What You Need To Know:
THE PLAYER is an extraordinarily clever satire on the "creative process" (i.e., wheeling, dealing, shmoozing, and politicking) involved in modern Hollywood film production, wrapped around a mystery/thriller storyline. While witty and well-crafted, this long look at Hollywood's dark side includes a fair amount of harsh language, some nudity and portrayals of sexual immorality. Nevertheless, those interested in the slippery mechanics of modern movie making will find THE PLAYER an engrossing experience, but others will find it as repulsive as Hollywood itself.
(H, LLL, V, SS, NN) Humanist satire complete with: approximately 45 obscenities & 10 profanities; man beaten to death; brief frontal female & rear male nudity, prolonged close-up on characters' faces during sex, & sexual immorality; and, major character escapes responsibility for crime (though satirical intent implied).
Director Robert Altman’s THE PLAYER is a clever satire on Hollywood film production. In it, Griffin Mill is an executive at a major studio. A steady stream of writers “pitch” their story lines, which he wants condensed to “25 words or less.” From those concepts come million dollar gambles, and his job is to hit cinematic home runs. Also, he must curry favor with the stars and directors and second-guess Larry Levy who is gunning for his position. Furthermore, Griffin starts receiving threatening cards from a writer he “never got back to.” Griffin tracks down a suspect, but a scuffle results in manslaughter, though there are no witnesses. Griffin gets away with the crime in a satirical send-up of the contrived happy ending. Here Griffin is rich, secure and satisfied–and also mean, smug and pompous, even as he deals with a blackmailer.

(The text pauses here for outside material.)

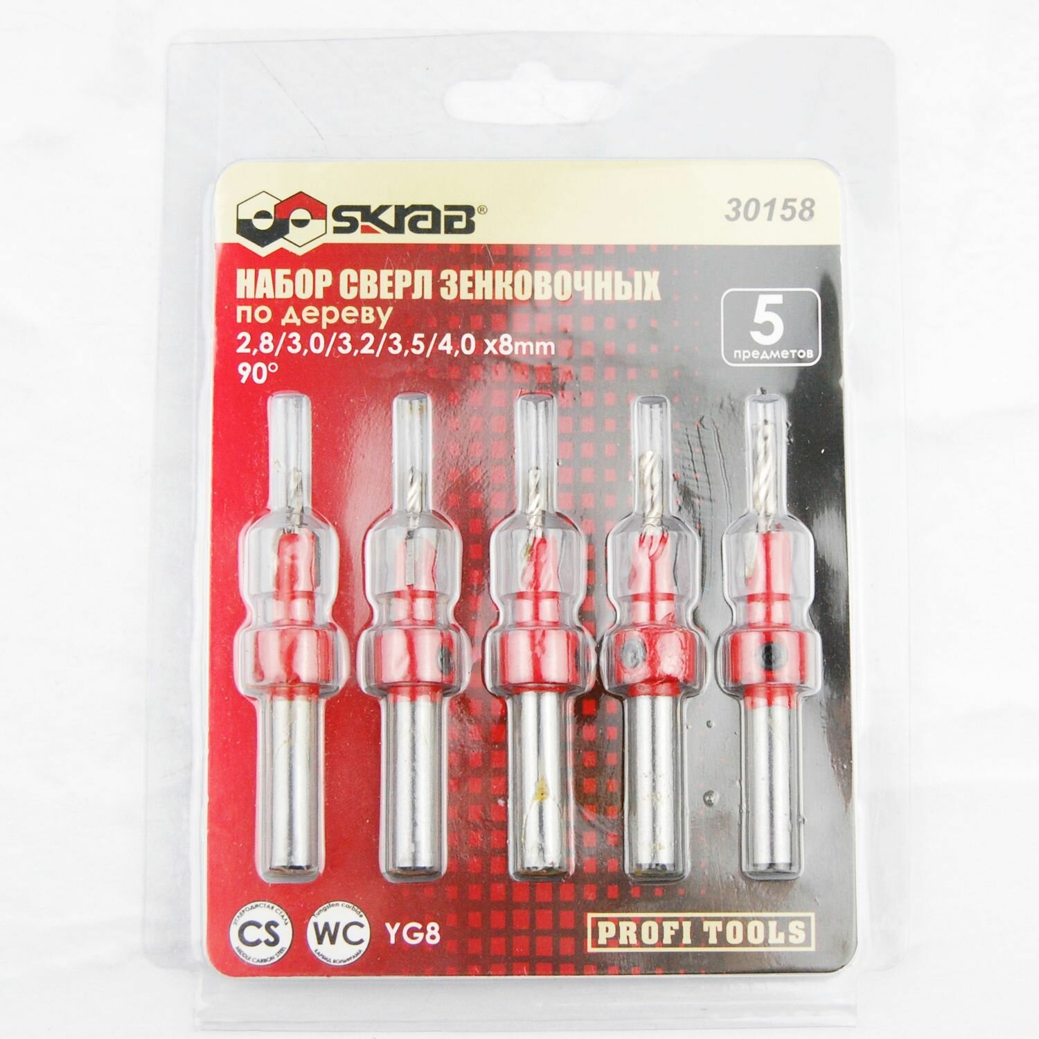 Набор зенковочных сверл по дереву 2.8/3.0/3.2/3.5/4.0/ х 8 мм 90 гр. 5пр. SKRAB 30158
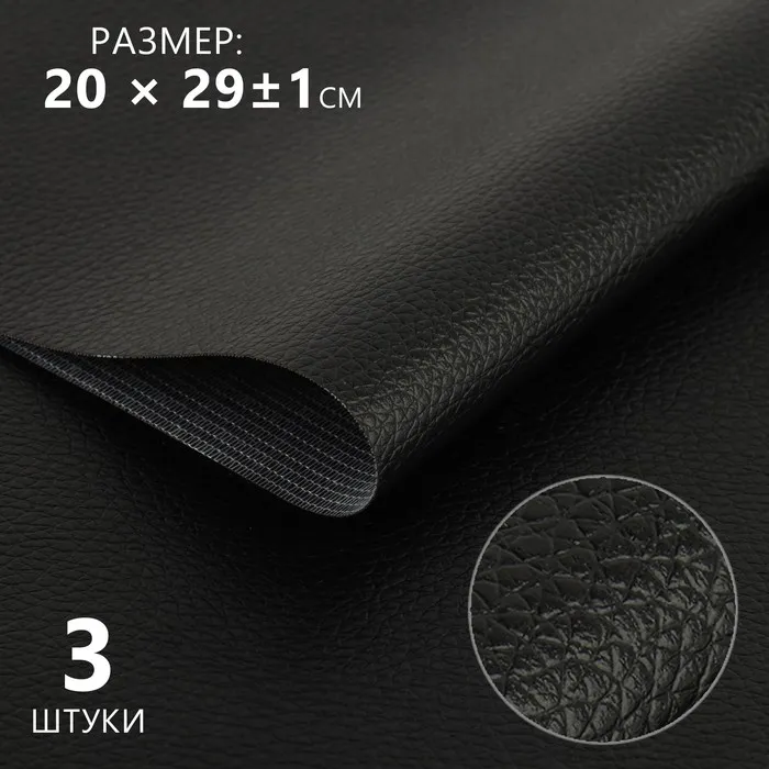 Искусственная кожа, 20×29±1 см, 0.5 мм, 3 шт., чёрная

THE PLAYER may be more entertaining to film buffs than mass audiences. Regrettably, it includes harsh language, nudity and sexual immorality. With those cautions, and fair warning that this film’s purpose is expose rather than role-modeling, anyone interested in the slippery mechanics of modern filmmaking will find THE PLAYER an engrossing experience, but others will find it as repulsive as Hollywood itself.